-- Task objective --
Print out each record below, unaltered and complete, without its images.

[Data records]
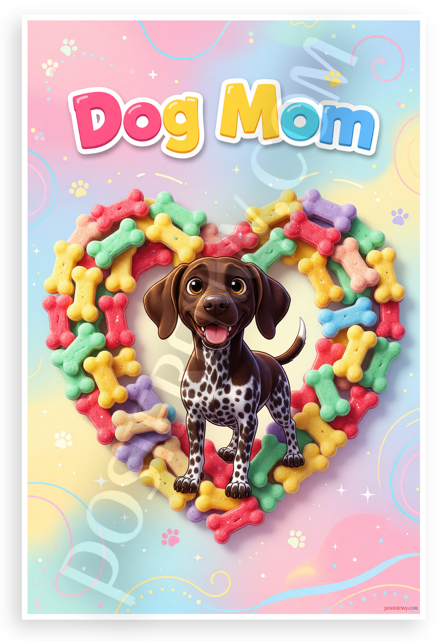 This 12x18 inch poster is printed on premium, durable paper. Proudly Made in the USA by PosterEnvy. The perfect size for any room. PosterEnvy is a family owned business, delivering top-notch posters around the world for over 20 years. Our posters are designed to last — they won't fade or pucker for years of enjoyment. Every poster features crisp, vivid artwork. We are a solar powered company. Celebrate dog lovers with this playful design featuring a cute German Shorthaired Pointer puppy inside a heart of colorful bone treats, topped with bold Dog Mom text in vibrant pink and yellow hues.
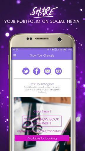 - SHARE your portfolio to anywhere and grow your business. You can even create your personalized profile image that you can use on your Facebook and Instagram pages.
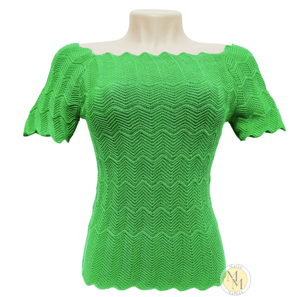 Cropped Zig Zag Blusa Feminina Gola Canoa Moda Tricô Primavera Verão
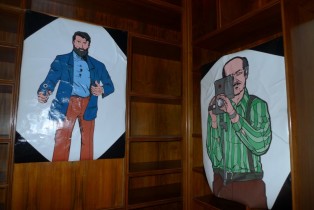 In quell’occasione scegliemmo di esporre i miei primi Cieli di bosco che, in quell’inverno, erano lividi di freddo (mi ero appena trasferito a Milano) e di paura (il bosco come metafora dei pericoli del vivere). Poi, piano piano, la primavera è tornata, dentro e fuori. Il cuore si è scaldato. Nel bosco è entrata più luce e i miei cieli sono stati i soggetti di tre personali e di altre mostre meno monotematiche. Il contrappasso (ancora in atto) è dalla natura alla cultura. Sono tornato in Città, nelle città! In quelle in cui ho vissuto e in quelle in cui vivrei e, per raccontarle, ho scelto gli Eroi locali, quelli dei monumenti: vite del passato elette ad esempio per il futuro : materializzazione tridimensionale di quello che Jung definisce inconscio collettivo. Ma attorno ai monumenti aleggia oggi, come il vento nel bosco, un sentimento sottile di passato remoto, ora gli esempi sono dietro, davanti, a gli schermi. Gli Eroi nascono e muoiono nei tempi brevi che la cultura del consumismo, ritma. E questo rappresenta per me un motivo in più per andare a fotografarli, catalogarli, leggerli nei loro dettagli. Per questa nostra piccola, stravagante, mostra ho scelto un materiale che con il tuo filo, potessi facilmente attraversare per raggiungerci. Sono carte che vengono dai miei cassetti, restate, sedimentate, che però mi pare -io spero- non si siano perse di significato, non abbiano smesso di parlarti.
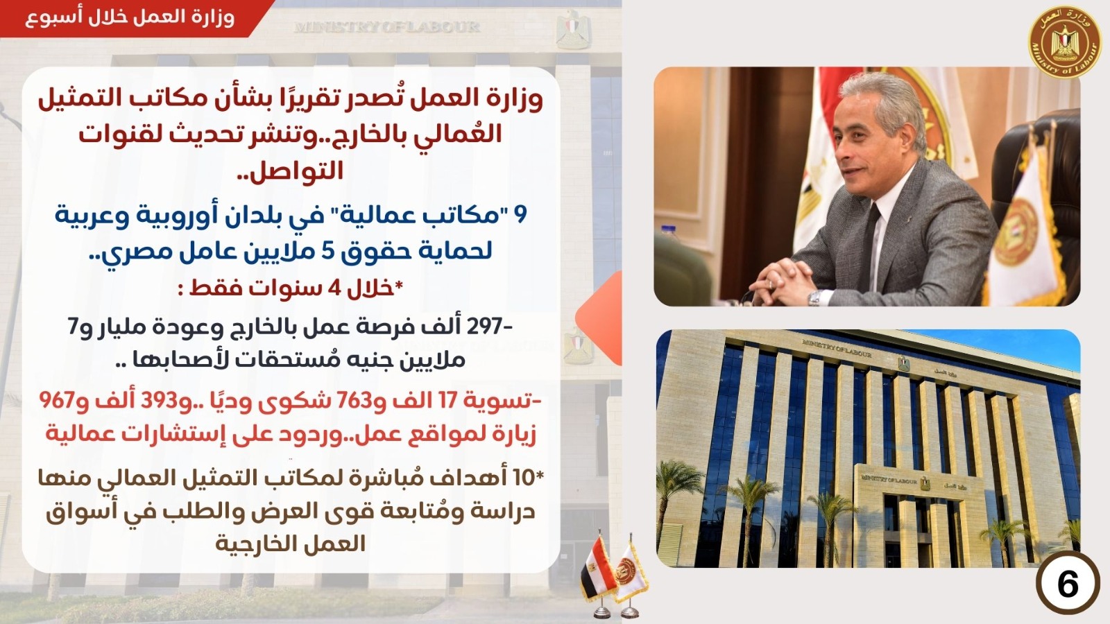 وأكدت وزارة العمل في تقرير لها على استمرار جهود 9 مكاتب تمثيل عمالي تابعة للوزارة في 8 بلدان أوروبية وعربية،في تقديم الحماية والرعاية لما يقرب من 5 ملايين عامل مصر - بالتحديد 4 ملايين و48 ألف عامل مصري- يعملون في نطاق تلك "المكاتب"،راصدًا تفعيل أهداف ودور"المكاتب الخارجية"،خلال تلك المرحلة،تنفيذًا لتوجيهات وزير العمل حسن شحاتة..

-- Task result --
 This 12x18 inch poster is printed on premium, durable paper. Proudly Made in the USA by PosterEnvy. The perfect size for any room. PosterEnvy is a family owned business, delivering top-notch posters around the world for over 20 years. Our posters are designed to last — they won't fade or pucker for years of enjoyment. Every poster features crisp, vivid artwork. We are a solar powered company. Celebrate dog lovers with this playful design featuring a cute German Shorthaired Pointer puppy inside a heart of colorful bone treats, topped with bold Dog Mom text in vibrant pink and yellow hues.
 - SHARE your portfolio to anywhere and grow your business. You can even create your personalized profile image that you can use on your Facebook and Instagram pages.
 Cropped Zig Zag Blusa Feminina Gola Canoa Moda Tricô Primavera Verão
 In quell’occasione scegliemmo di esporre i miei primi Cieli di bosco che, in quell’inverno, erano lividi di freddo (mi ero appena trasferito a Milano) e di paura (il bosco come metafora dei pericoli del vivere). Poi, piano piano, la primavera è tornata, dentro e fuori. Il cuore si è scaldato. Nel bosco è entrata più luce e i miei cieli sono stati i soggetti di tre personali e di altre mostre meno monotematiche. Il contrappasso (ancora in atto) è dalla natura alla cultura. Sono tornato in Città, nelle città! In quelle in cui ho vissuto e in quelle in cui vivrei e, per raccontarle, ho scelto gli Eroi locali, quelli dei monumenti: vite del passato elette ad esempio per il futuro : materializzazione tridimensionale di quello che Jung definisce inconscio collettivo. Ma attorno ai monumenti aleggia oggi, come il vento nel bosco, un sentimento sottile di passato remoto, ora gli esempi sono dietro, davanti, a gli schermi. Gli Eroi nascono e muoiono nei tempi brevi che la cultura del consumismo, ritma. E questo rappresenta per me un motivo in più per andare a fotografarli, catalogarli, leggerli nei loro dettagli. Per questa nostra piccola, stravagante, mostra ho scelto un materiale che con il tuo filo, potessi facilmente attraversare per raggiungerci. Sono carte che vengono dai miei cassetti, restate, sedimentate, che però mi pare -io spero- non si siano perse di significato, non abbiano smesso di parlarti.
 وأكدت وزارة العمل في تقرير لها على استمرار جهود 9 مكاتب تمثيل عمالي تابعة للوزارة في 8 بلدان أوروبية وعربية،في تقديم الحماية والرعاية لما يقرب من 5 ملايين عامل مصر - بالتحديد 4 ملايين و48 ألف عامل مصري- يعملون في نطاق تلك "المكاتب"،راصدًا تفعيل أهداف ودور"المكاتب الخارجية"،خلال تلك المرحلة،تنفيذًا لتوجيهات وزير العمل حسن شحاتة..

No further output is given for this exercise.